The $q$-exponential function is given by the power series
$$ e_q(x) = \sum_{n=0}^\infty \frac{x^n}{[n]!} $$
using the $q$-integers $[k]:=q^{k-1}+\cdots+q+1=(q^k-1)/(q-1)$ and $q$-factorials $[n]!=[n][n-1]\cdots[2][1]$.
What is the inverse function $\ln_q$ satisfying $\ln_q(e_q(x))=x$ and $e_q(\ln_q(1+x))=1+x$?
I am treating $x$ and $q$ as either indeterminates for formal power series or complex variables in whatever domain yields an answer. By hand I calculated the first few terms
$$ \ln_q(1+x)=x-\frac{1}{[2]}x^2+ \left(\frac{2}{\,[2]^2}-\frac{1}{[3][2]}\right)x^3- \left(\frac{5}{\,[2]^3}-\frac{5}{[3][2]^2}+\frac{1}{[4][3][2]}\right)x^4+\cdots $$
A vast generalization might be to treat $[1],[2],[3],\cdots$ as independent formal variables and treat these coefficients above as rational functions of them. At worst, the series for $\ln_q$ is no simpler than this generalization.

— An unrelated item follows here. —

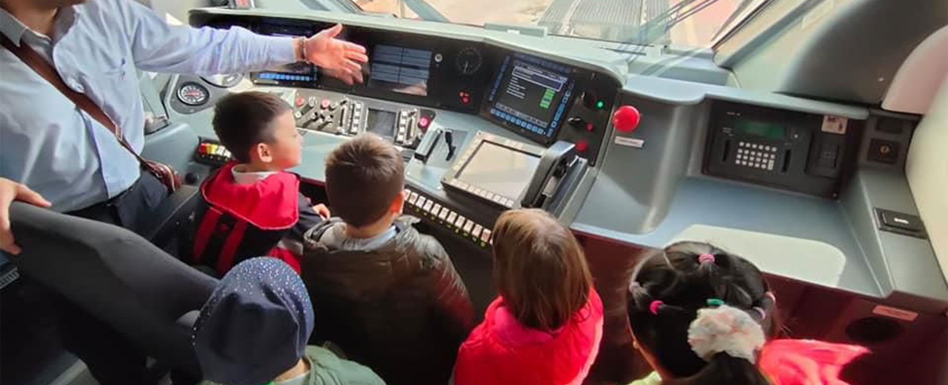 La visita ha previsto un benvenuto alla stazione di Porto San Giorgio - Fermo da parte del personale Trenitalia addetto all'assistenza clienti che ha poi accompagnato i giovanissimi passeggeri nel viaggio in treno, raccontando alcune pillole sull'attenzione necessaria da prestare sia in stazione sia a bordo. Accolti nella sala conferenze della stazione di Ancona dal Direttore della Direzione Marche di Trenitalia, Fausto Del Rosso, gli speciali viaggiatori hanno prima ammirato l'esposizione storica ferroviaria della Direzione e poi fatto ingresso nell'officina di manutenzione rotabili, dove hanno potuto osservare anche il sottocassa dei treni, adottando il punto di vista di un vero manutentore. Successivamente sono stati ospitati nelle cabine di guida di un treno Jazz e di un treno Pop, messi appositamente a loro disposizione, invitandoli simbolicamente ad aiutare il macchinista con il suono di una tromba. Tra la meraviglia e il divertimento, la giornata si è conclusa con una merenda e con i saluti del Direttore. Lo staff ha poi accompagnato i bambini a prendere il treno per rientrare a casa. A ciascuno di loro è stata consegnata una cornice personalizzata all'interno delle quale, al rientro a scuola, potrà disegnare il proprio ricordo dell'esperienza vissuta. Le insegnanti avranno cura di trasmetterne una copia alla Direzione Marche, così da poterle poi esporre in una bacheca apposita, come già fatto in precedenti visite di comitive scolastiche.
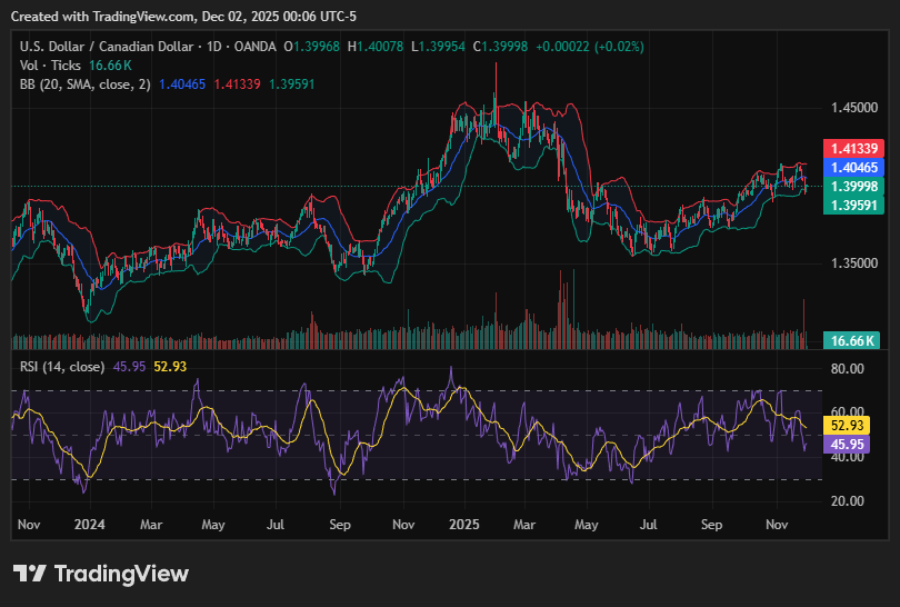 USD/CAD trades near 1.4000, maintaining recovery momentum as lower oil prices continue to weigh on the Canadian Dollar. Despite broad dovish Fed bets, the pair remains supported by commodity-driven weakness in the CAD.

Curiously, this seems to be in no literature at all. Like, are these coefficients a special kind of polynomial? Is $\ln_q$ the $q$-integral of something? Is there an analogous identity for the fact $e_q(x+y)=e_q(x)e_q(y)$ when $(xy)=q(yx)$? All mentions of $q$-logarithms in search results seem to be talking about Tsallis statistics, which is an unrelated situation with a unrelated notion of $q$-exponential.